Aceh voters head to polls

Election key to cementing peace deal ending almost three decades of conflict.

Banda Aceh ballot
Indicative results will be out on Monday but the official tally will only be declared in January

Polling booths will be open for eight hours and many voters will be looking to the victor to deliver a better future for a province left scarred by years of war and natural disaster.

Yakinah, a 40-year-old housewife, joined dozens of other voters at a polling station in the provincial capital, Banda Aceh.
 

“This is a dream come true”

Usman Darusalam,
local election organiser

“I’m excited to take part in the election because I am able to vote for a better leader to make Aceh more prosperous.

 
“I want a good and clean leader who not only thinks of himself,” she said.
 
The vote comes almost two years after the Asian tsunami which killed an estimated 167,000 people in Aceh alone.

The huge loss of life proved the eventual spur to bringing an end to the province’s brutal 29-year civil war.

Peace

In a Finnish-brokered peace deal signed on August 15, 2005, both the rebels and the Indonesian government made major concessions.

The separatist Free Aceh Movement (GAM) gave up its long-standing demand for complete independence and agreed to disarm itself.

Meanwhile the government removed half of the 50,000 troops stationed in Aceh and promised the region control of 70 per cent of it mineral wealth.

More than 2.6 million voters are eligible vote in Monday’s election, which will decide the province’s governor and deputy as well as 19 mayors and regents.

“This is a dream come true,” Usman Darusalam, a local election organiser told Reuters before voting began.

“We never thought it would reach this stage considering how often gunfights occurred.”

Security

Challenges ahead

Post-tsunami rehousing: Some 25,000 families homeless

Disputes about dividing government funds for reintegration of former rebels

Tackling unemployment among demobilised rebels

Overseeing Islamic sharia courts and authority of religious police

Campaigning in the run-up to the vote has been largely peaceful, but a force of 13,000 police has been deployed to monitor voting at more than 8,400 polling stations.

Mustafa Abubakar, the province’s caretaker governor, urged residents to exercise their democratic rights.

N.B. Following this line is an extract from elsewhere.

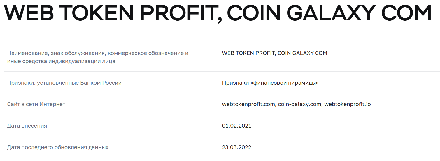 - ЦБ России признал WebToken Profit финансовой пирамидой;

“I hope people really use this chance and go to the polling stations in droves,” he told reporters on Sunday. “Don’t be afraid anymore to come out.”

Eight candidates are competing for the top job of provincial governor in what is expected to be a tight race.

To win outright in the first round a candidate has to grab at least 25 per cent of the vote.

A “quick count” of votes from selected polling stations should allow accurate results to be known later on Monday, but official results will not be declared until January 2, with a run-off – if needed – between the top two candidates held within 60 days of the announcement.